If only it would be that way all the time!

Rudeness has made a comeback, not that it ever left. It is leaving offended people behind it as it races on. I see it at high school sporting events, not just with the students, but also with the adults. Once in a while a display of good sportsmanship emerges to the point that it is commended and put on YouTube, but those have become the exceptions and not the norm.

I see it in how young people treat older people, and how older people treat younger people.

I see it in politics, but enough of that!

I see it in how people treat someone who is overweight; and I see it in how someone who is slower than another person can tolerate.

I especially see it in driving habits.

And now I see it in Facebook posts and Twitter tweets.

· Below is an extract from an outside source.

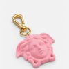 Un accesorio divertido para complementar bolsos, cinturones y más de Versace, este llavero de goma tiene la forma del emblema característico de Versace, la medusa.

I see it on t-shirts that seek to either incite, draw attention, or both.

And I see it in the church.

Rudeness has become the norm.

The thing is…there’s this list qualities and characteristics that are written down in Galatians 5 by the Apostle Paul. It’s a good list! A list that many of us would want to see lived out in our child, or the potential marriage partner that we bring home to meet Mom and Dad. It’s a list of fruits, spiritual fruits. As I look at that list- love, joy, peace, patience, kindness, goodness, faithfulness, gentleness and self-control- each of the fruits goes sharply against rudeness in some way.

If I’m patient I won’t try to rush ahead and cut someone off.

If I’m kind I won’t look for the first opening to tear someone down.

If I’m joyful there will be no bitterness in my actions.

 

Rudeness is a slippery slope sliding towards ripped apart relationships.

And why do we give in to its lure. Because even though we don’t want to admit it, too often it is still all about you, or all about me. And if you point that out to me I may call you rude!